[Start of Attachment]

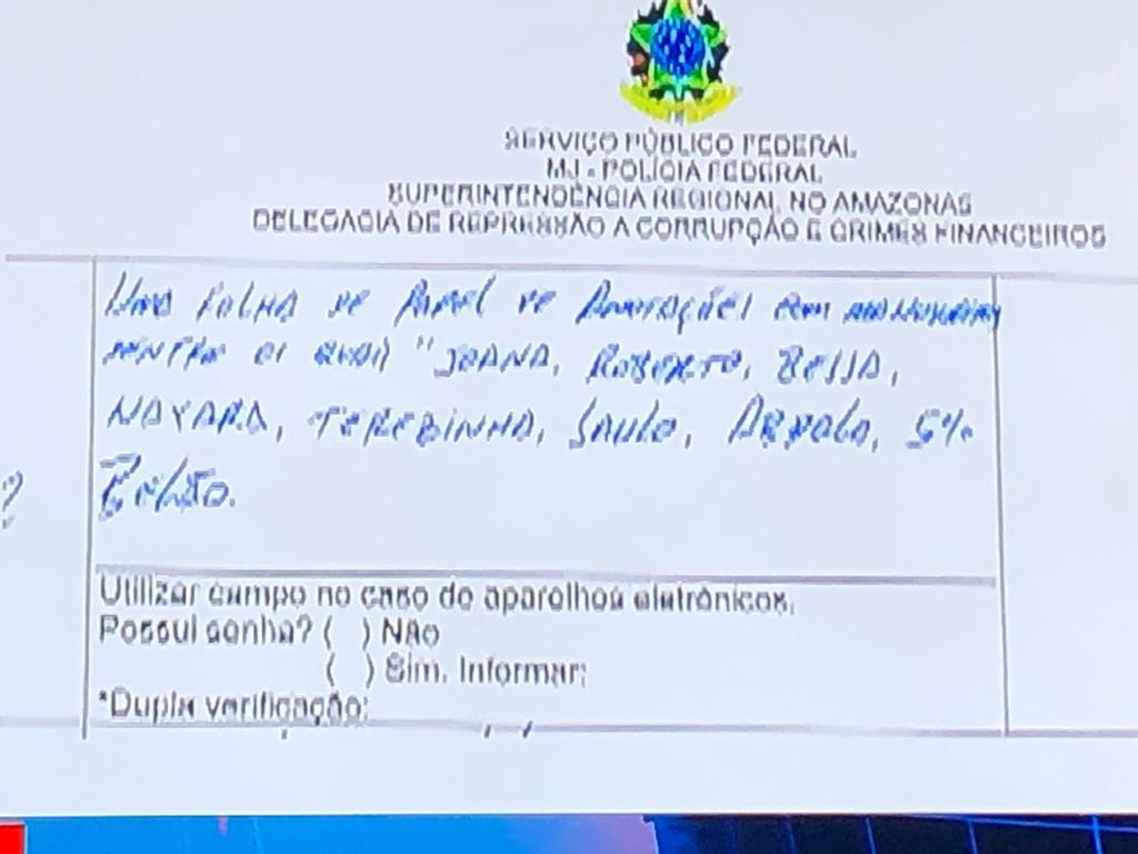 Na noite desta sexta-feira, 4, um papel timbrado da Delegacia de Repressão à Corrupção e Crimes Financeiros (DRCCF), contendo nomes de sete deputados da base governista, foi veiculado primeiramente na CNN Brasil. Na descrição do papel, estão escritos nomes dos deputados que, segundo a reportagem da CNN, foi encontrado no gabinete do governador Wilson Lima pela PF. O documento continha os nomes de “Joana, Roberto, Bessa, Mayara, Terezinha, Saulo, Abdala, 5%, Belão”.
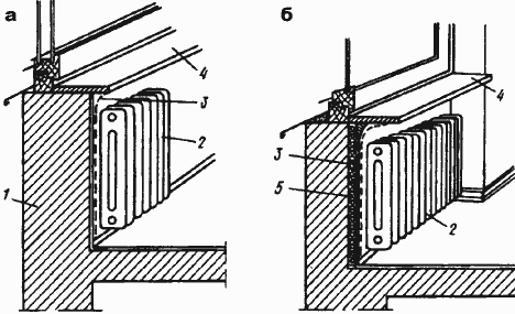Тесните отоплителни радиатори, обикновено инсталирани в ниша под прозорец, може да не образуват топлинна завеса - те няма да могат да прекъснат потока от студен въздух, падащ по страните на устройството.
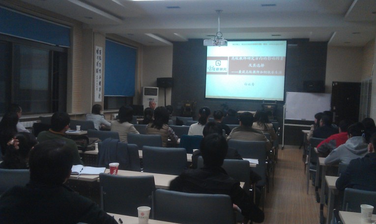 报告共分四部分:首先深刻阐述了三个观点“科研方向是高校教师职业生涯的平台”、“选择是成功的前提”、“专注是成功的保障”。其次,系统讲授了研究方向的影响因素,包括自身因素、工作因素、社会因素等。第三,结合自身的教学科研经历,阐述了选择方向就是选择一生幸福。第四,讲了五点体会。一是良好的心态是全家幸福的基础;二是自然是最高境界;三是无功利性就是快乐;四是双赢是团队可持续发展的条件;五是成功是奉献的结果。活动最后,白老师与青年教师就研究方向的选择、快乐生活进行了互动和交流。
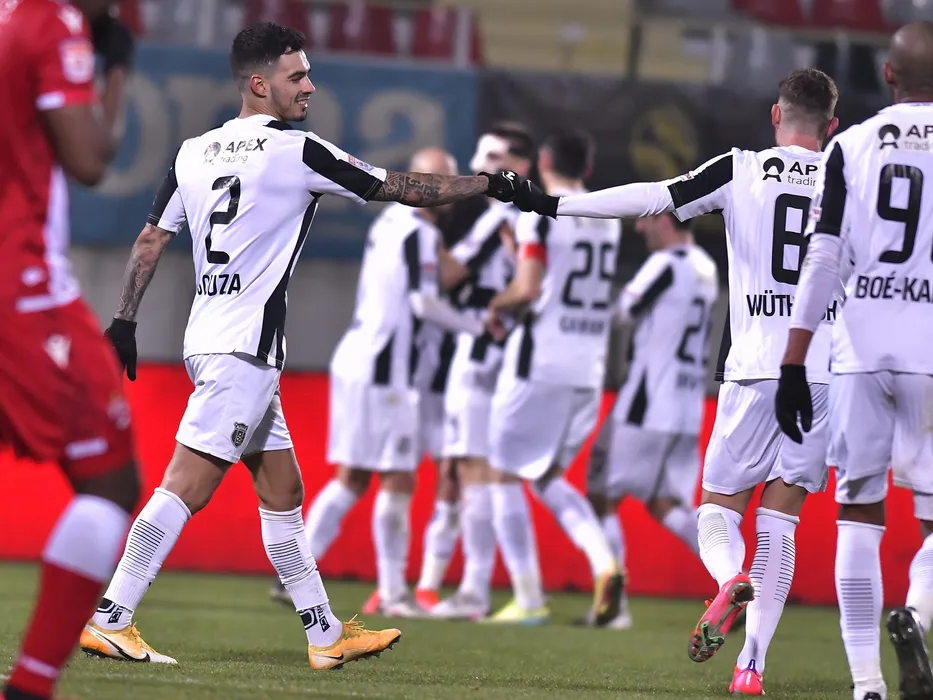 Hugo Filipe Goncalves Martins De Sousa se bucura dupa un gol marcat in meciul de fotbal dintre Astra Giurgiu si Dinamo Bucuresti, contand pentru Liga 1 Casa Pariurilor, desfasurat fara spectatori pe Stadionul Marin Anastasovici din Giurgiu, duminica 21 februarie 2021. © FOTO:Razvan Pasarica/SPORT PICTURES
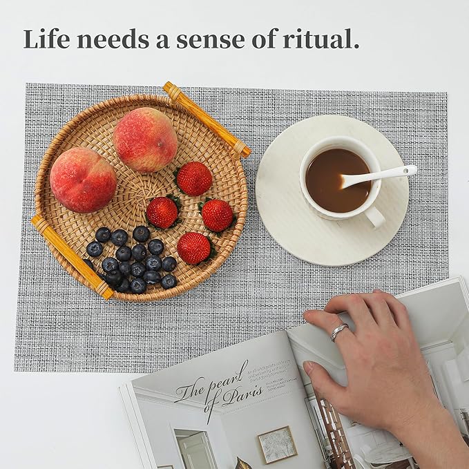 - Elegant and Practical Design: With a luxurious vinyl woven texture, precision cutting, and heat-trimmed edges, our double-sided placemats offer a sophisticated and practical solution. They provide a non-slip surface, resist fading, and are easy to clean, elevating your dining experience.
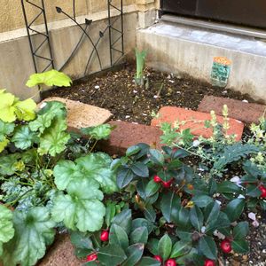 北側恐竜花壇🦕が恐竜感を失って、 日差しからの避難所になってまいりました💦 しかし!新しいカラーリーフもお迎えしました(≧∀≦)✨ 私はどうやらカラーリーフに目がない💕 だんだんフキの居場所がなくなるよー(^◇^;) 北側花壇も、この端っこのあたりはお日様が当たる様子。 この時期限定! 今年のホスタはまだ小さそうなので 一年草をお迎えしてみました!
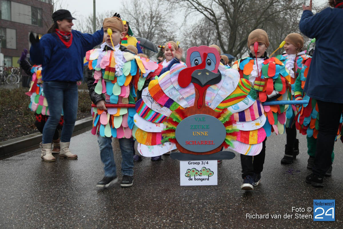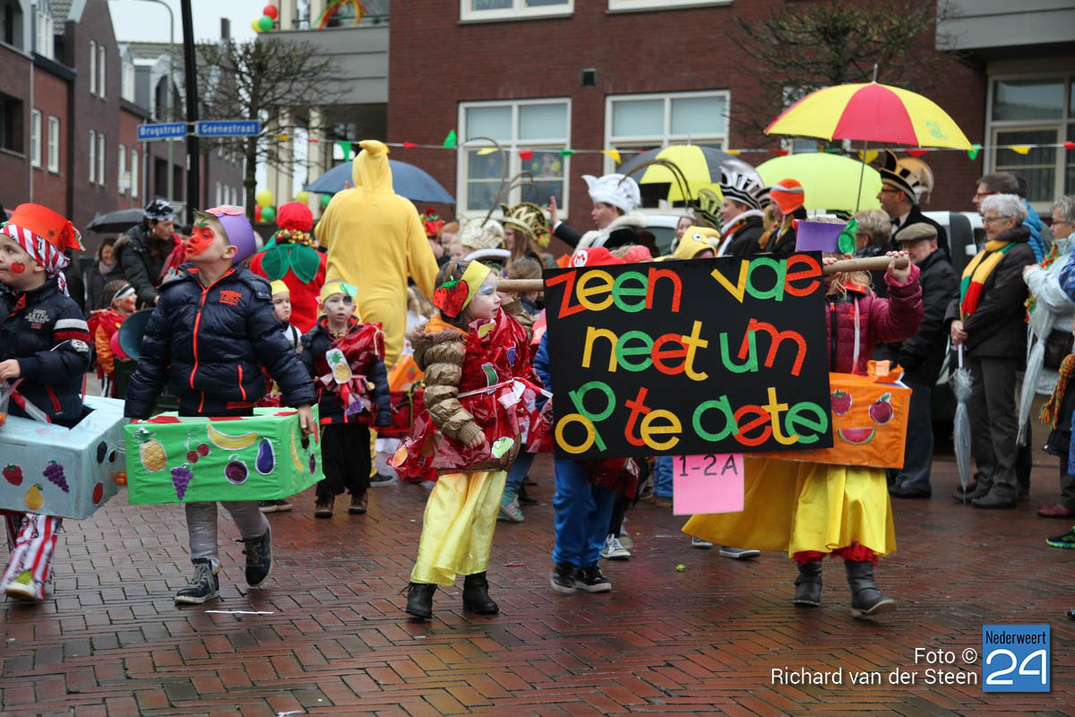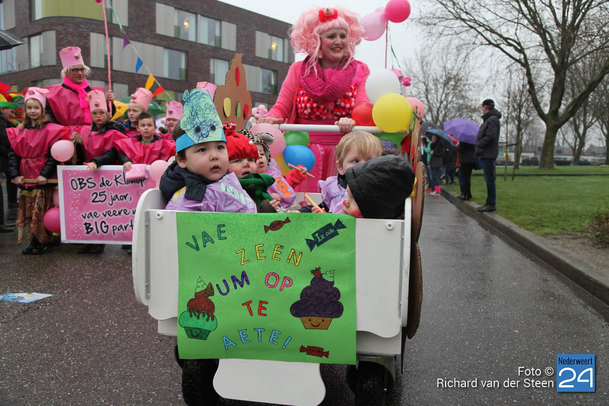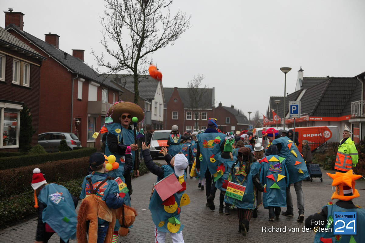 Ondanks het miezerige weer was het dolle pret voor de deelnemers en de toeschouwers. De kinderen hebben weer weken geknutseld voor de mooiste en/of lolligste creatie om hopelijk in de prijzen te vallen. Papier, kippengaas, behangplaksel of verf, werkelijk alles is de kast of uit de garage gehaald. Een prachtig optocht met ruim 30 deelnemende groepen. De carnaval is voor de jeugd van Nederweert fantastisch begonnen.

[End of Attachment]

◆ What you are asked to do: Repeat, word for word and with no pictures, only the lines running from the beginning of the data to the line that contains "报告共分四部分:首先深刻阐述".

◆ Result of the task:
 Na noite desta sexta-feira, 4, um papel timbrado da Delegacia de Repressão à Corrupção e Crimes Financeiros (DRCCF), contendo nomes de sete deputados da base governista, foi veiculado primeiramente na CNN Brasil. Na descrição do papel, estão escritos nomes dos deputados que, segundo a reportagem da CNN, foi encontrado no gabinete do governador Wilson Lima pela PF. O documento continha os nomes de “Joana, Roberto, Bessa, Mayara, Terezinha, Saulo, Abdala, 5%, Belão”.
Тесните отоплителни радиатори, обикновено инсталирани в ниша под прозорец, може да не образуват топлинна завеса - те няма да могат да прекъснат потока от студен въздух, падащ по страните на устройството.
 报告共分四部分:首先深刻阐述了三个观点“科研方向是高校教师职业生涯的平台”、“选择是成功的前提”、“专注是成功的保障”。其次,系统讲授了研究方向的影响因素,包括自身因素、工作因素、社会因素等。第三,结合自身的教学科研经历,阐述了选择方向就是选择一生幸福。第四,讲了五点体会。一是良好的心态是全家幸福的基础;二是自然是最高境界;三是无功利性就是快乐;四是双赢是团队可持续发展的条件;五是成功是奉献的结果。活动最后,白老师与青年教师就研究方向的选择、快乐生活进行了互动和交流。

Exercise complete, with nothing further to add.